_DIRECTIONS FOR THIS TASK_:
Retype the whole listing, please, keeping every line exact and dropping the pictures.

_DATASET EXCERPT_:
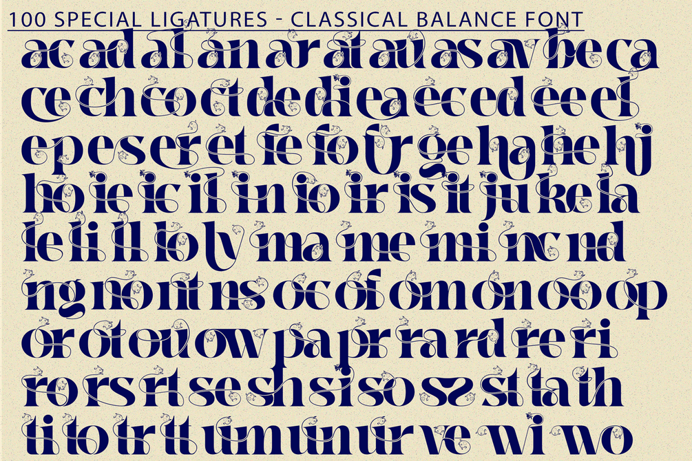 Classical Balance - Decorative Font is a high-contrast serif display font infused with botanical elegance and neoclassical finesse. Each letterform is gracefully adorned with flourishing vines, floral ornaments, and curving tendrils, creating an exquisite blend of nature and structure.
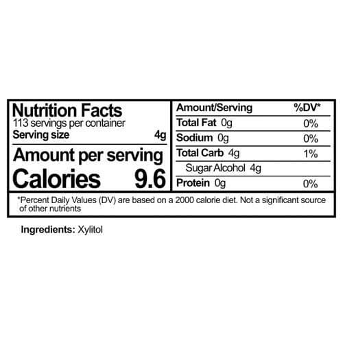 This sugar free sweetener is 100% all natural xylitol and is the perfect substitute for sugar in your baking and cooking. This xylitol sweetener actually helps to prevent tooth decay. With 40wer calories than sugar, it helps to keep your caloric intake down.
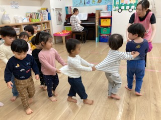 今日はリトミックをしました♪ ↓先生やお友だちと手を繋ぎ「糸車」 「横」「前」「後ろ」「スキップ」と 声掛けをしながら上手に回る事が出来ました 先に「糸車」をしたお友だちは壁ペッタンをして 「がんばれ~!!!」と応援して …
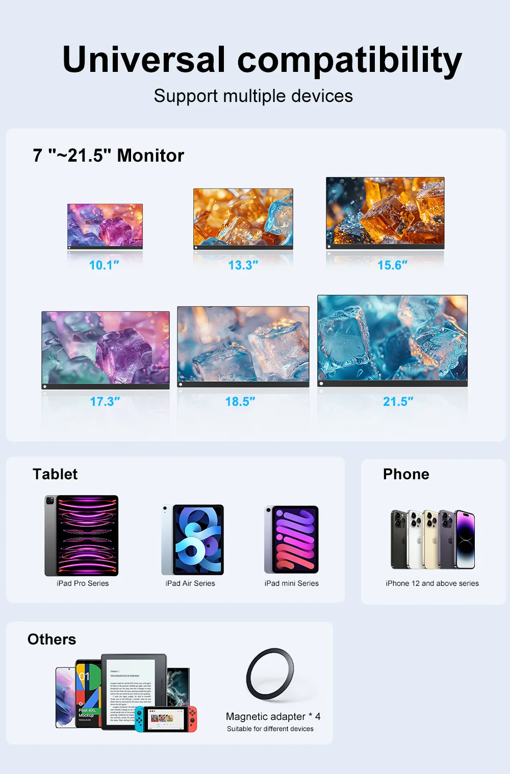 Supports multiple devices, including iPhone series, iPad Pro series, iPad Air series, iPad mini series, and portable display series, providing extensive compatibility to meet the needs of different users.

_EXPECTED OUTPUT_:
 Classical Balance - Decorative Font is a high-contrast serif display font infused with botanical elegance and neoclassical finesse. Each letterform is gracefully adorned with flourishing vines, floral ornaments, and curving tendrils, creating an exquisite blend of nature and structure.
 This sugar free sweetener is 100% all natural xylitol and is the perfect substitute for sugar in your baking and cooking. This xylitol sweetener actually helps to prevent tooth decay. With 40wer calories than sugar, it helps to keep your caloric intake down.
 今日はリトミックをしました♪ ↓先生やお友だちと手を繋ぎ「糸車」 「横」「前」「後ろ」「スキップ」と 声掛けをしながら上手に回る事が出来ました 先に「糸車」をしたお友だちは壁ペッタンをして 「がんばれ~!!!」と応援して …
 Supports multiple devices, including iPhone series, iPad Pro series, iPad Air series, iPad mini series, and portable display series, providing extensive compatibility to meet the needs of different users.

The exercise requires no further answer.